I first met Ann Drysdale far too many years ago in Poole in Dorset. I can’t remember much about Poole except that my young daughters like it, so it must have been full of clothes shops. Ann and I were not buying clothes, neither of us being particularly expert in that line. We were reading poems, our poems, for our publisher, the great and good Harry Chambers who founded and ran Peterloo Poets for many years and published many books for Ann and me — and also for plenty of other people, including the late U.A. Fanthorpe. Ursula was reading on this occasion, giving one of those lovely readings with her partner Rosie Bailey which we shall miss so much. In fact I can remember their reading, but neither mine, nor Ann’s.
What I can remember is eating chips out of a bag, sitting on a flight of steps. The chips were good and Ann’s conversation was distinctive and funny, as it always is, but remember: I had never met her before, nor read any of her poems. I can count on the shelf behind me, one, two, three, four of her books. I could have sworn I had a fifth but her books are the sort you lend out and therefore the sort you don’t always get back. Each one is decorated with a picture by Beryl Cook, and I somehow think of Ann as a kind of Beryl Cook in verse, but that is not entirely just.Ann is no sort of a primitive, warbling native woodnotes wild. She is a poet who knows all about the technical business of rhyme and metre and she is much more unforgiving of lapses in, say, scansion, than I am, which is one reason I so often run a new poem past her. She picks up on things I am rather too inclined to let go by,
and always suggests an emendation which is better. I try to do the same for her but I can never think of anything that will make a verse of hers better.
Not that I like equally everything she writes. You see, the thing about Ann’s poems is how various they are. She does one thing, and then another thing, and then, Lord above, she does a third thing. Perhaps that’s not the way to fame and fortune. The way to fame and fortune is to do one thing and then to do the SAME thing, and then to do it over and over again until the connection is made. You are the person who does THAT. And so to your fifteen minutes fame, or even more, a bloody lifetime.

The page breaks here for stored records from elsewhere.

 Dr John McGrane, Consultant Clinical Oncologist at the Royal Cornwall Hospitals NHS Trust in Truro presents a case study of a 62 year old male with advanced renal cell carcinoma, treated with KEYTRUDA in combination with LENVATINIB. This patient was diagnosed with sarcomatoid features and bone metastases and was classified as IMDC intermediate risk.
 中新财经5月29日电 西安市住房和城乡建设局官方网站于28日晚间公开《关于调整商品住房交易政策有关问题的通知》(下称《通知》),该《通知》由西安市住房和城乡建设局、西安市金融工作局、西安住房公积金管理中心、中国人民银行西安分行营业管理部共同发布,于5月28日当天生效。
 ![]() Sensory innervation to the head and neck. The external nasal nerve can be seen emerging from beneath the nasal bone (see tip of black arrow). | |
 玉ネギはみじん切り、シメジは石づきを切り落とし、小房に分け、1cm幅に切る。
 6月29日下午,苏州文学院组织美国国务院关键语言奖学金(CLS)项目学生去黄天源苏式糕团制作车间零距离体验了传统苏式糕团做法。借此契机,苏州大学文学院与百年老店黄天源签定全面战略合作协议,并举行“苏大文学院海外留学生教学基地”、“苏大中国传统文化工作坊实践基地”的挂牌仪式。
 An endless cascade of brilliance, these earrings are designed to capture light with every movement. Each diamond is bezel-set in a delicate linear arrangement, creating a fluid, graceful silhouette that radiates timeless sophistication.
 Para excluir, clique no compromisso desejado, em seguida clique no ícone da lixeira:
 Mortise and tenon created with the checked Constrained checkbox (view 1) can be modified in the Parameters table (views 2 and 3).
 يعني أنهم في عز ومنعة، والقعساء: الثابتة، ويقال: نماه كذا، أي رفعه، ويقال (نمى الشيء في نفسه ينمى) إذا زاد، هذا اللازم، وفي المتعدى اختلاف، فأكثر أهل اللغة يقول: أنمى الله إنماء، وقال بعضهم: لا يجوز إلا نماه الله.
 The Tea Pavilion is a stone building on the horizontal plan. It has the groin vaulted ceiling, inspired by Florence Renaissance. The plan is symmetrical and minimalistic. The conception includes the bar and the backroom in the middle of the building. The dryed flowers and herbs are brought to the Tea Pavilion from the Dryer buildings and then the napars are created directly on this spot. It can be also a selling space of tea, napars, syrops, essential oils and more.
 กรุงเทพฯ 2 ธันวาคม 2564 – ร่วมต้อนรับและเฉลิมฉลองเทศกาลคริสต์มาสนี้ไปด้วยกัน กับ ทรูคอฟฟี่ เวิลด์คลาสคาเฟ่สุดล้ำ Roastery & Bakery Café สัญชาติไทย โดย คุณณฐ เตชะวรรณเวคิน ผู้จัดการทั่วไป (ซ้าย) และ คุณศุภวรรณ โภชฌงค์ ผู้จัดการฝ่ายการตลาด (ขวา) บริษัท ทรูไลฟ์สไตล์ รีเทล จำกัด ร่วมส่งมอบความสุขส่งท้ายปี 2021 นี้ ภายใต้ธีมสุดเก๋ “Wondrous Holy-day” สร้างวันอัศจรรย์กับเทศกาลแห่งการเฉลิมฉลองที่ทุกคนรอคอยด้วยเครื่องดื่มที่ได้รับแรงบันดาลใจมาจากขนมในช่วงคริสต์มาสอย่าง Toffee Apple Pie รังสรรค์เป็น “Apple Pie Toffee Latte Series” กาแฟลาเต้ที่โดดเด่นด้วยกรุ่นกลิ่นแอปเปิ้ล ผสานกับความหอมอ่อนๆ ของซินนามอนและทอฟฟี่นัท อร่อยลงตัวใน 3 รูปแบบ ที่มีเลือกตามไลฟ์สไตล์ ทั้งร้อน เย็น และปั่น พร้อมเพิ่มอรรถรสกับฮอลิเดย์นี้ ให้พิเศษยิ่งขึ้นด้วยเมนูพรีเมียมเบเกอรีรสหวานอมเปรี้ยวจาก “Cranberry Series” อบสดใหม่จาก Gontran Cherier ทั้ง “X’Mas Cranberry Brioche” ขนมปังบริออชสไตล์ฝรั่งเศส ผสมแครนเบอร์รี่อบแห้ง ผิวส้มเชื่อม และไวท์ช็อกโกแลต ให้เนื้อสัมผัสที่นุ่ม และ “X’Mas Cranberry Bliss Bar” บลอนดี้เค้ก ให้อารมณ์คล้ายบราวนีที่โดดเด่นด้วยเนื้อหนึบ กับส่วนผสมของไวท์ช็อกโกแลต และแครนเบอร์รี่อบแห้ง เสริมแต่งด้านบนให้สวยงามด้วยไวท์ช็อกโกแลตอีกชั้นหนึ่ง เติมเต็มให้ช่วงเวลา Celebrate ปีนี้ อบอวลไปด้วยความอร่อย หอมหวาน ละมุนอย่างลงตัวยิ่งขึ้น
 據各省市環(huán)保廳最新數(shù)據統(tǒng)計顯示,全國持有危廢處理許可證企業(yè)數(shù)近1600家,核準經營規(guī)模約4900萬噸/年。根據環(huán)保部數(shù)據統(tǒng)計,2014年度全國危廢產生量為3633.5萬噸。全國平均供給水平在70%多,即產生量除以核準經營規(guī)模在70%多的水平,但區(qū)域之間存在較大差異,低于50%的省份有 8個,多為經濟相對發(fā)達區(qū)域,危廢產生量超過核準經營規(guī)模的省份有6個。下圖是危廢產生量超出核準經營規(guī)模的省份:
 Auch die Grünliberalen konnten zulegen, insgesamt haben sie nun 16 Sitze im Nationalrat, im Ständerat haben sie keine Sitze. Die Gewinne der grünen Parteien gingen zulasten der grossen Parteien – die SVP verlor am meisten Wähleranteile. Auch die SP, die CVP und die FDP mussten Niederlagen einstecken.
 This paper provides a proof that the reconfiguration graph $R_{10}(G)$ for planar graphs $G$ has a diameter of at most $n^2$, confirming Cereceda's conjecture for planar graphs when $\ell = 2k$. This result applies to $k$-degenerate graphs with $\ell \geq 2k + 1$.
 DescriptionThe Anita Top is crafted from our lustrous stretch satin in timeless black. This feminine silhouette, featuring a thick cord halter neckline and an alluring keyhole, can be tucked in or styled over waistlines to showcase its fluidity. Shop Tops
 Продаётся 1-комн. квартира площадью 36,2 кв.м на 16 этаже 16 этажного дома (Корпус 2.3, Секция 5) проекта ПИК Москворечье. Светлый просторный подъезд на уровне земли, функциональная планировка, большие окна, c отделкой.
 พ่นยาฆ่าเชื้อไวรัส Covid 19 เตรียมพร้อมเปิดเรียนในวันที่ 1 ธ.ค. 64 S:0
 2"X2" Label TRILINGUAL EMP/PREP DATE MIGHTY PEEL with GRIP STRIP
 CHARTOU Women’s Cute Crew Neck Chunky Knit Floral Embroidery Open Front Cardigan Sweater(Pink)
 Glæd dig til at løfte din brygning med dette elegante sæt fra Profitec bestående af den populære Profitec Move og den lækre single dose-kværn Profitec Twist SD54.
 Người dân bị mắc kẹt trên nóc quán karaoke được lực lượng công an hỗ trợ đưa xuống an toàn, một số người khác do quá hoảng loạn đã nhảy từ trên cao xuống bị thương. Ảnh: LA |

I have read a lot of Ann’s prose works (and very readable they are too), so I know a good deal about her life, her pigs, her dogs and other more important things. We exchange emails regularly. We occasionally speak on the phone, though I think we both find that instrument not altogether conducive to communication — perhaps we were born too soon. And we have met in London, with the great Harry Chambers making up a third. In these cases it can be that alcohol is consumed, quite a lot and some very good food too on one occasion, the antithesis of Kit Wright’s fine book of poems Short Afternoons. These were long afternoons, good afternoons finishing up at railway stations, Charing Cross for me and for them the noble edifice of Paddington and God’s Wonderful Railway to the west.
We have never met at home base. Ann has never seen my Canterbury mansion. I have never seen her Welsh fastness. But Deal now: we have met at Deal to give poetry readings, and Dover, to give poetry workshops. We do good work together, Ann and I. I have a series of exercises in wordplay to suitably exhaust participants, Ann talks to them, one on one, seriously about their work, about what they meant to do and what they actually did do. She tells it how it is. I don’t. I tell people (mostly) what they want to hear. Is that the difference between me and her? Or, more interestingly, more theoretically, as it were, the difference between men and women, the big bow-wow style, the square of ivory? Well, I’m not as nice as Walter Scott and Ann is more generally forgiving than Jane Austen. We’ve been on walks through the Kent countryside, but I suspect Ann’s would be longer and of course the Welsh landscape is rougher and wetter. Also I don’t care for dogs. They bite or they might bite.
Ann doesn’t bite. One of the characteristics of her poetry, I mean once you’ve got past the proficiency and the wit, is its kindness. Are men kind? Well, we can be of course, but it isn’t what we DO.
And the other thing about it is the thing with all poets worth a damn. It’s the way she says something you couldn’t say in any other way. It has to be a poem. And the poem skewers the meaning, just like that. Even if you aren’t quite sure what that meaning is. This is “Riverstation”, nice and short, short enough to learn, short enough to remember:
The dog on the barge and the light on the river
And things understood and things unspoken
And the thought that this could go on forever —
The dog on the barge and the light on the river;
That if only I were sufficiently clever
The surface tension would stay unbroken,
The dog on the barge and the light on the river
And things understood and things unspoken.
John Whitworth
June 2009
John Whitworth is oldish, fattish, baldish. His tenth book of poems Being the Bad Guy was published by the great and good Harry Chambers in Cornwall. Les Murray likes it and so should you. John has recently read his verses to the wild acclaim of a good segment of the population of Texas and gained uncounted dollars therefrom.